Set every entry down again exactly, excluding any pictures.

• [Data excerpts]
--

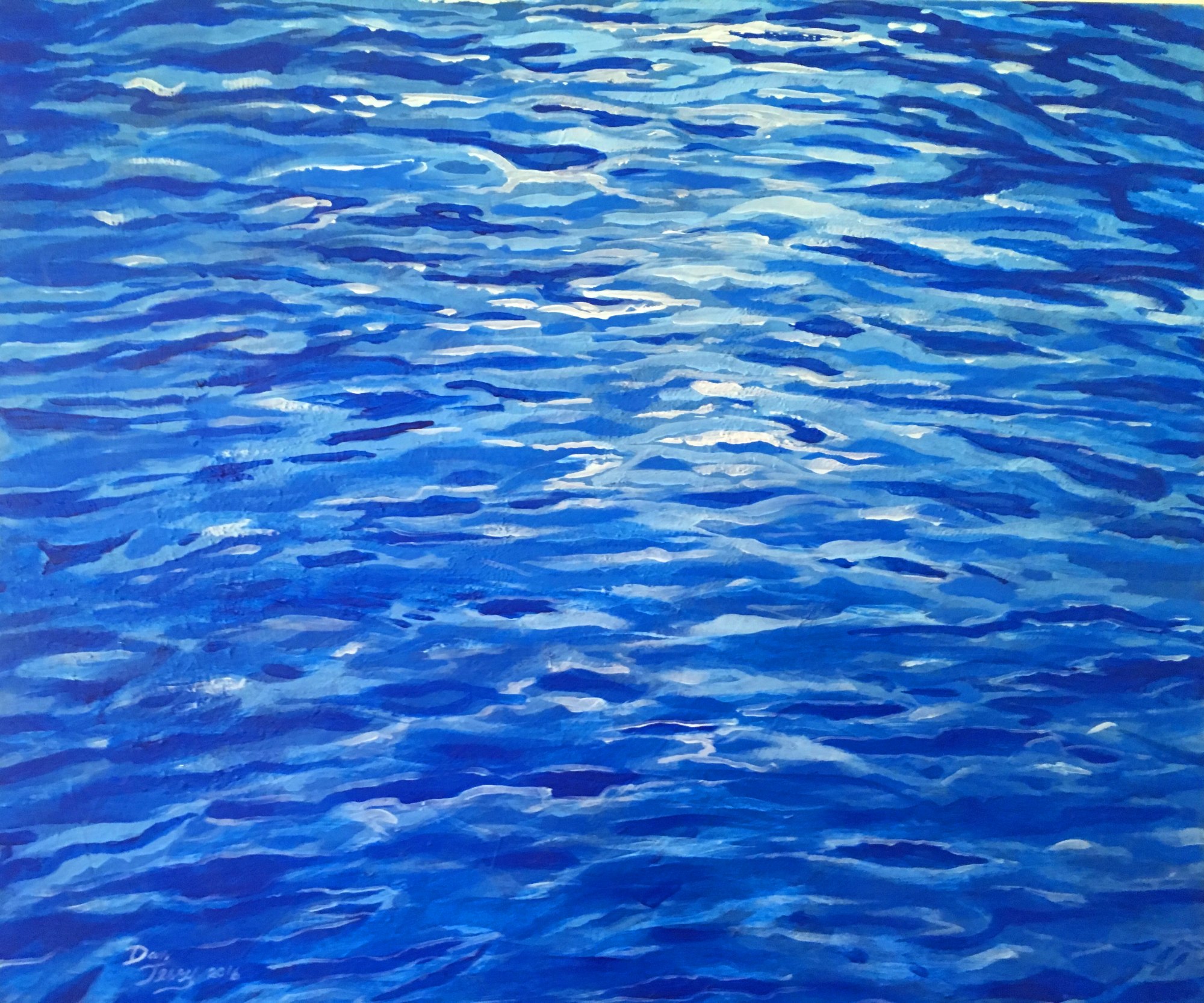 Blue Waves depicts the ever moving energy of water expressed in waves rippling on the surface and reflecting the wavelengths of light playing off the surface . This work was exhibited at the Windscapes exhibition and following the devastation of Hurricane Harvey in Houston, the work was donated to the charity fundraising effort sponsored by the artist's musical friend and colleague Will Taylor of Strings Attached, a long time musical ensemble based in Austin, TX. Current owner and location of the work is unknown following the charity auction.
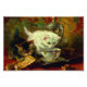 Imagen con la pintura al óleo de Henriëtte Ronner-Knip High Tea (1821-1909). Un gatito blanco esponjoso bebe de una taza de té y un mantel cuelga una repostería en una bandeja de té. Un regalo perfecto para los amantes del gato y del romanticismo.
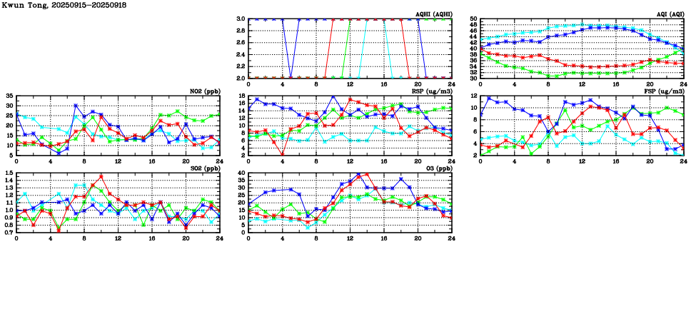 Air Quality Data Time Series in Kwun Tong (2025/09/18) | ( Line colors: Day -3 Day -2 Day -1 Current day ) | 2D Map Current AQHI |
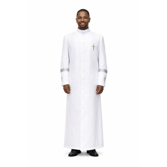 Elevate your liturgical wardrobe with the BNH151 Clergy Robe, a masterpiece of clean lines and striking detail. This robe is expertly tailored from White Superfine Poly fabric, offering a crisp, professional look that holds its shape through every service.
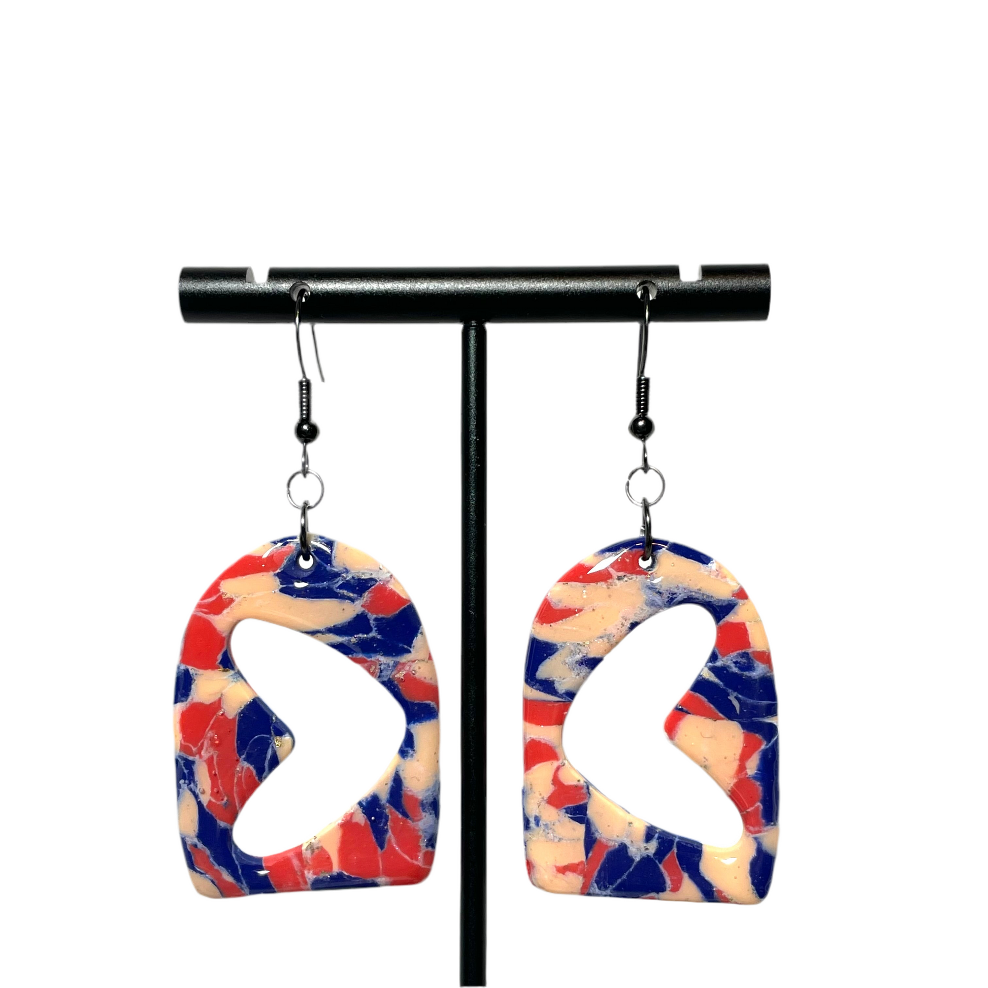 Black-coated nickel findings. Each pair is unique in its pattern.

--

• [Answer box]
 Blue Waves depicts the ever moving energy of water expressed in waves rippling on the surface and reflecting the wavelengths of light playing off the surface . This work was exhibited at the Windscapes exhibition and following the devastation of Hurricane Harvey in Houston, the work was donated to the charity fundraising effort sponsored by the artist's musical friend and colleague Will Taylor of Strings Attached, a long time musical ensemble based in Austin, TX. Current owner and location of the work is unknown following the charity auction.
 Imagen con la pintura al óleo de Henriëtte Ronner-Knip High Tea (1821-1909). Un gatito blanco esponjoso bebe de una taza de té y un mantel cuelga una repostería en una bandeja de té. Un regalo perfecto para los amantes del gato y del romanticismo.
 Air Quality Data Time Series in Kwun Tong (2025/09/18) | ( Line colors: Day -3 Day -2 Day -1 Current day ) | 2D Map Current AQHI |
 Elevate your liturgical wardrobe with the BNH151 Clergy Robe, a masterpiece of clean lines and striking detail. This robe is expertly tailored from White Superfine Poly fabric, offering a crisp, professional look that holds its shape through every service.
 Black-coated nickel findings. Each pair is unique in its pattern.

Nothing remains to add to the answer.